### Data for the task
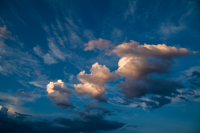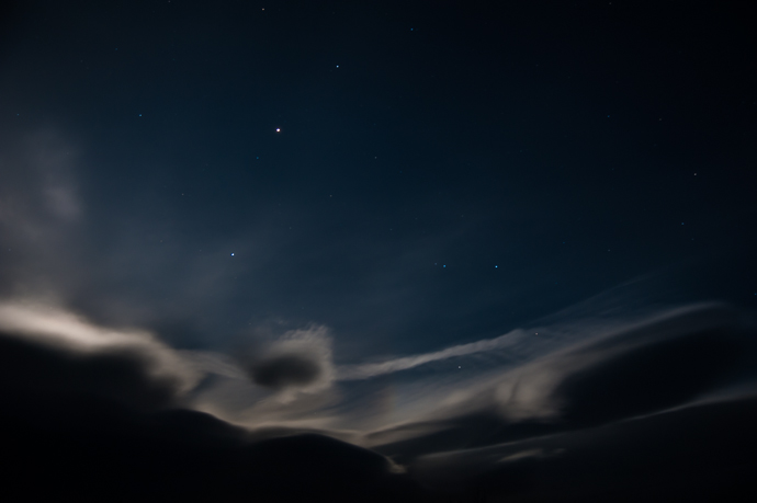 It’s good to go outside with the dogs at night. Sometimes they see something, like a deer, that brings on a fit of barking and they need to be corralled. Other times I see something interesting. Last night it was the clouds. They were thin and illuminated by the waxing moon that was low in the west. These views are looking north. The dogs went inside long before I did.
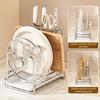 Multi-layer Pot Lid Rack Stainless Steel Rustproof Chopping Board Organizer Space Saving with Drainage Tray Cutting Board Holder
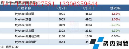 ◎ 2月7日,全國31個主要城市螺紋鋼均價4892元/噸,較節前(1月30日)上漲75元/噸;全國24個主要城市熱軋板卷均價5011元/噸,上漲97元/噸。
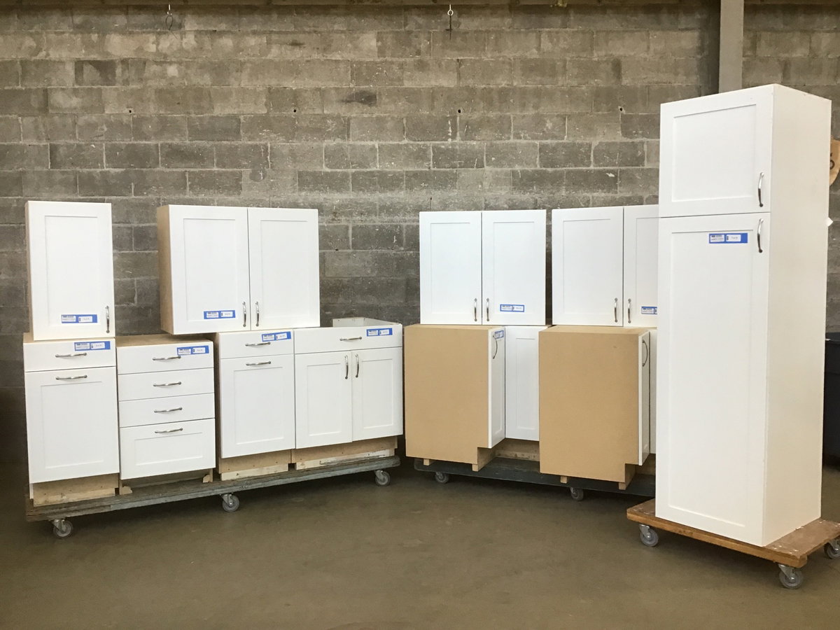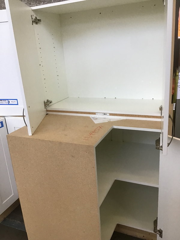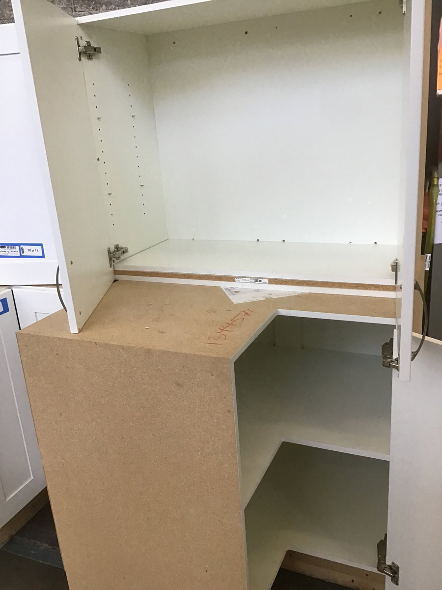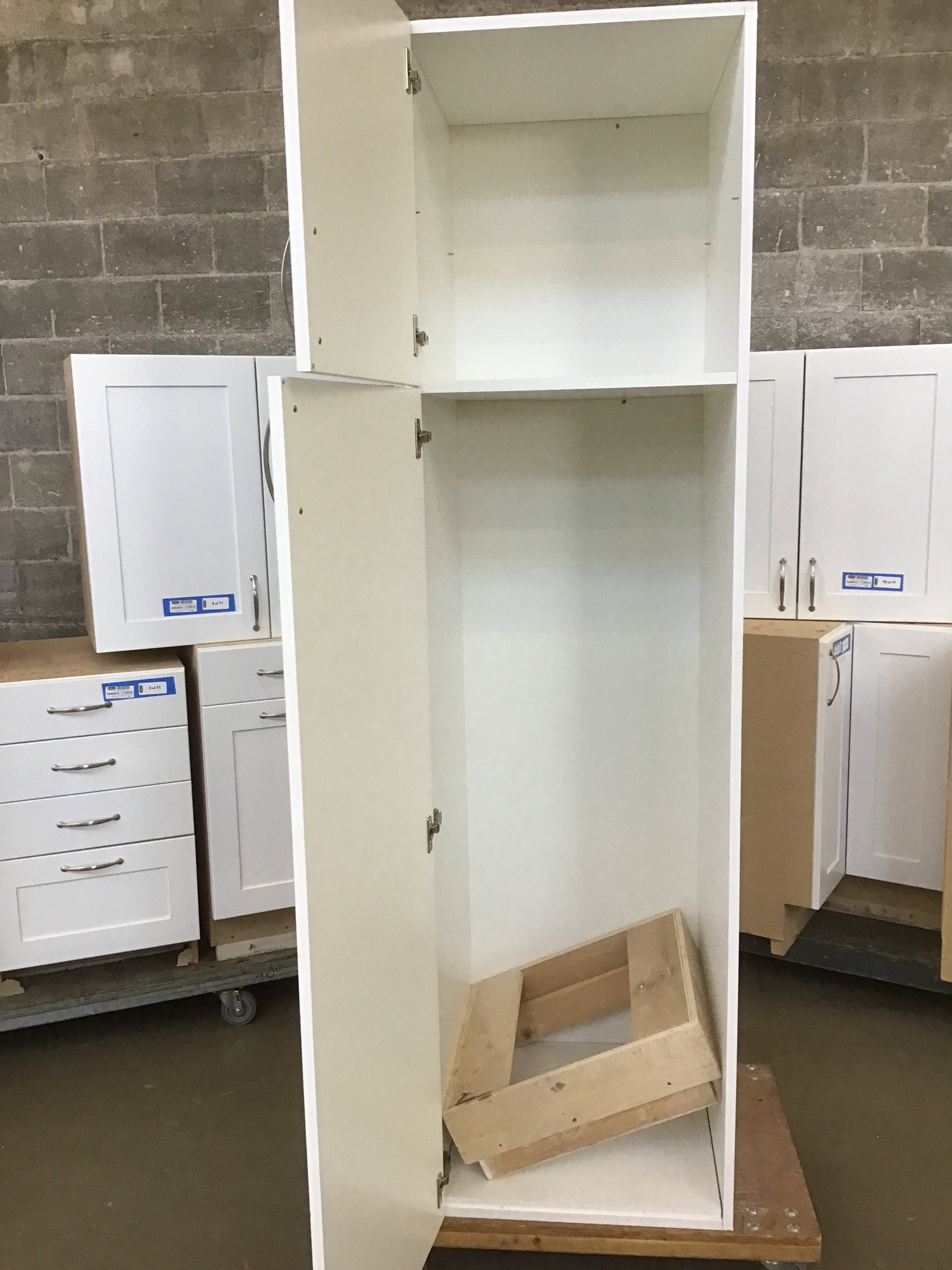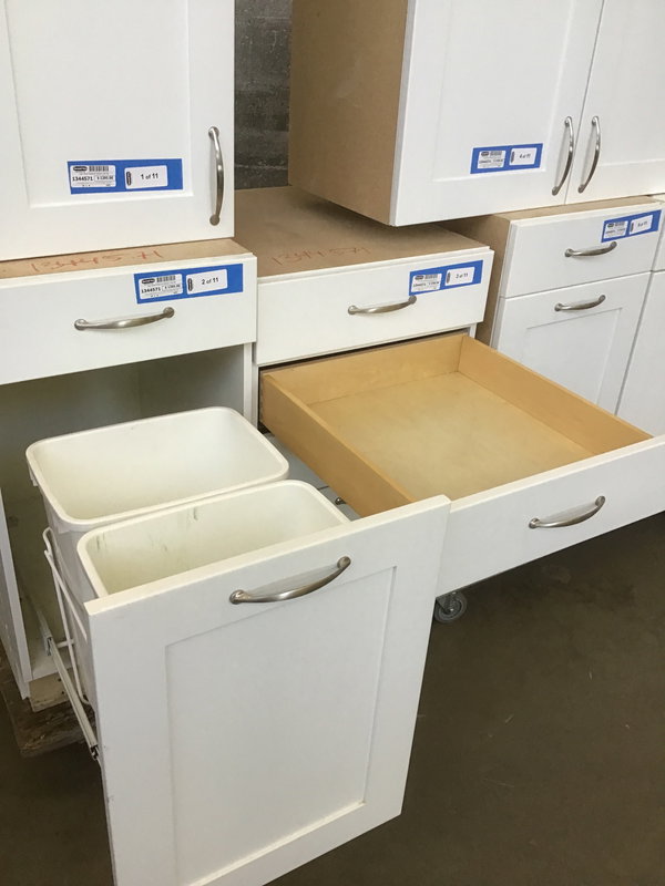 Bases - all 36.5h and 24d unless otherwise noted 1x sink base 30w 2x rubbish bin/deep drawers 18w 1x 4-drawer base 21w (the toe kick on this one needs repair) 2x corner bases 23.125d x 35.25w 1x pantry 22.5w x 84h x 24d
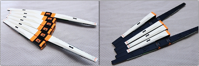 ヒンジの役割をするグレーのパーツは、折りたたみ方向によって説明書と逆の入れ方をしたほうがキレイに仕上がります。
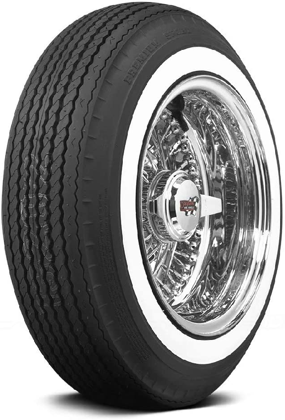 Kvalitní radiální pneumatika pro veteránské vozy s bílým bokem. Bílý pruh = 30 mm.
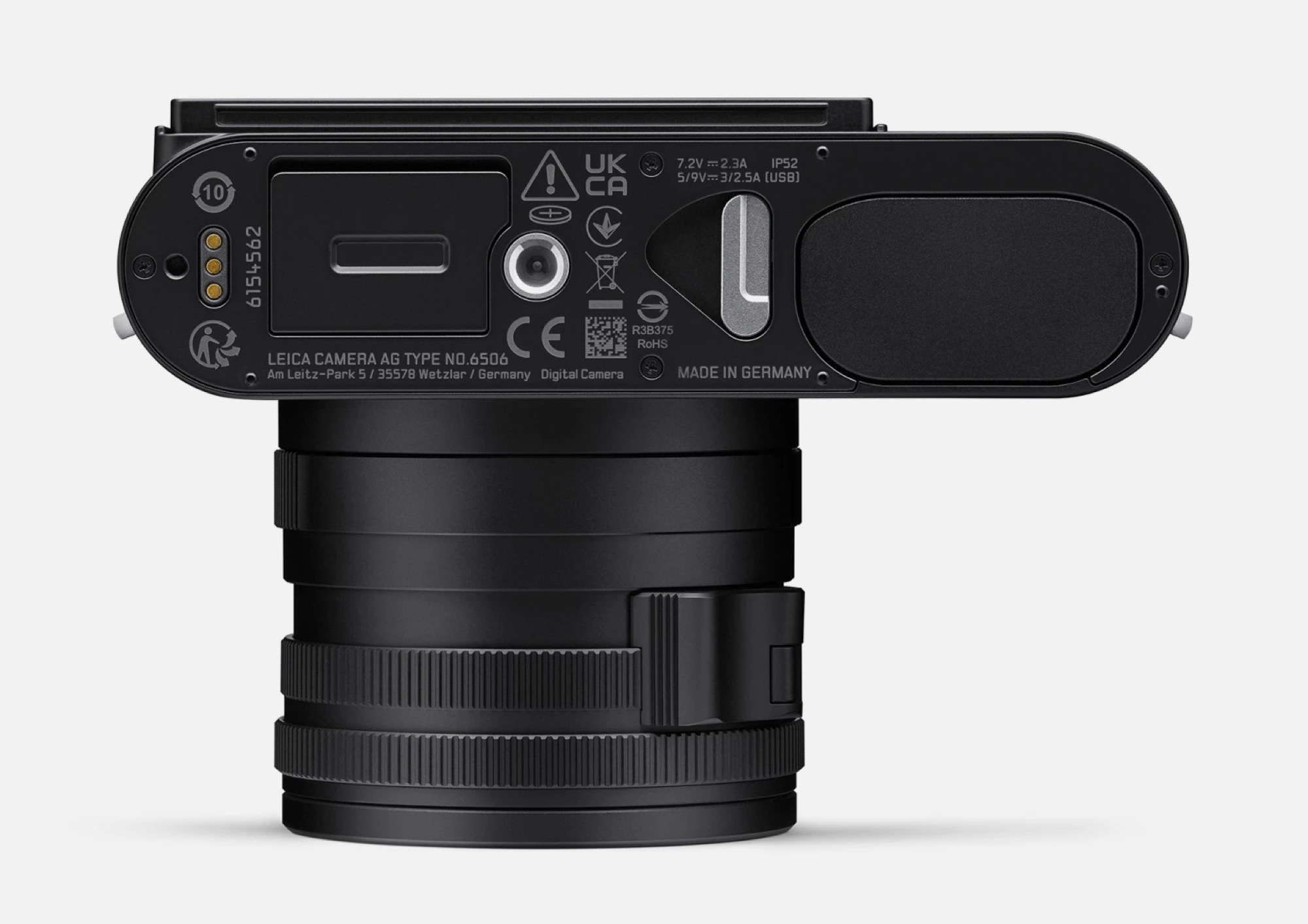 Designen på den här bilden har två fördelar jämfört med Leica M11. För det första kan skjutreglaget som frigör batteriet från kamerahuset manövreras lättare i sin nya position medan en snabbkopplingsplatta är fäst på kameran. För det andra har Leica lagt till tre metallkontakter för tillbehör. På Leica Q3 används dessa för ett handtag som gör att kameran kan laddas trådlöst på en Qi-laddningsplatta.
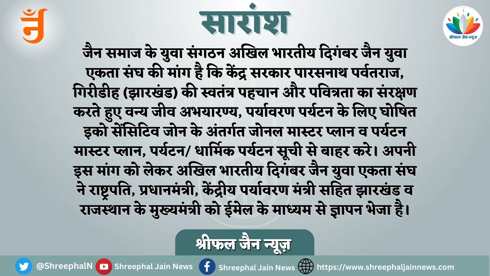 जैन युवा एकता संघ की मांग है कि केंद्र सरकार पारसनाथ पर्वतराज, गिरीडीह (झारखंड) की स्वतंत्र पहचान और पवित्रता का संरक्षण करते हुए वन्य जीव अभयारण्य, पर्यावरण पर्यटन के लिए घोषित इको सेंसिटिव जोन के अंतर्गत जोनल मास्टर प्लान व पर्यटन मास्टर प्लान, पर्यटन/ धार्मिक पर्यटन सूची से बाहर करे। अपनी इस मांग को लेकर अखिल भारतीय दिगंबर जैन युवा एकता संघ ने शुक्रवार को राष्ट्रपति, प्रधानमंत्री, केंद्रीय पर्यावरण मंत्री सहित झारखंड व राजस्थान के मुख्यमंत्री को ईमेल के माध्यम से ज्ञापन भेजा है।
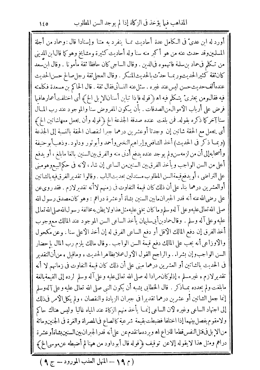 فقد روى عن علي رضي الله عنه أنه قدر الجبران ما بين السنين بشاة أو عشرة دراهم: وهو كان مصدق رسول الله صلى الله تعالى عليه وعلى آله وسلم وما كان يخفى عليه مثل هذا ولا يظن به مخالفة رسول الله صلى الله تعالى عليه وعلى آله وسلم. وقال حماد بن أبي سليمان يأخذ الساعي السن الموجود عند المالك مع وجوب أخذ الفرق إن دفع المالك الأقل أو دفع الساعي الفرق له إن أخد الأعلى سنًا. وعن مكحول والأوزاعي أنه يجب على المالك دفع قيمة السن الواجب. وقال مالك يلزم رب المال بإحضار السن الواجب وإن بشراء.

### Task statement
The answer is those lines of the material above that run from the one containing "ヒンジの役割をするグレーのパ" up to and including the one containing "Designen på den", restated exactly and without images.

### Task result
 ヒンジの役割をするグレーのパーツは、折りたたみ方向によって説明書と逆の入れ方をしたほうがキレイに仕上がります。
 Kvalitní radiální pneumatika pro veteránské vozy s bílým bokem. Bílý pruh = 30 mm.
 Designen på den här bilden har två fördelar jämfört med Leica M11. För det första kan skjutreglaget som frigör batteriet från kamerahuset manövreras lättare i sin nya position medan en snabbkopplingsplatta är fäst på kameran. För det andra har Leica lagt till tre metallkontakter för tillbehör. På Leica Q3 används dessa för ett handtag som gör att kameran kan laddas trådlöst på en Qi-laddningsplatta.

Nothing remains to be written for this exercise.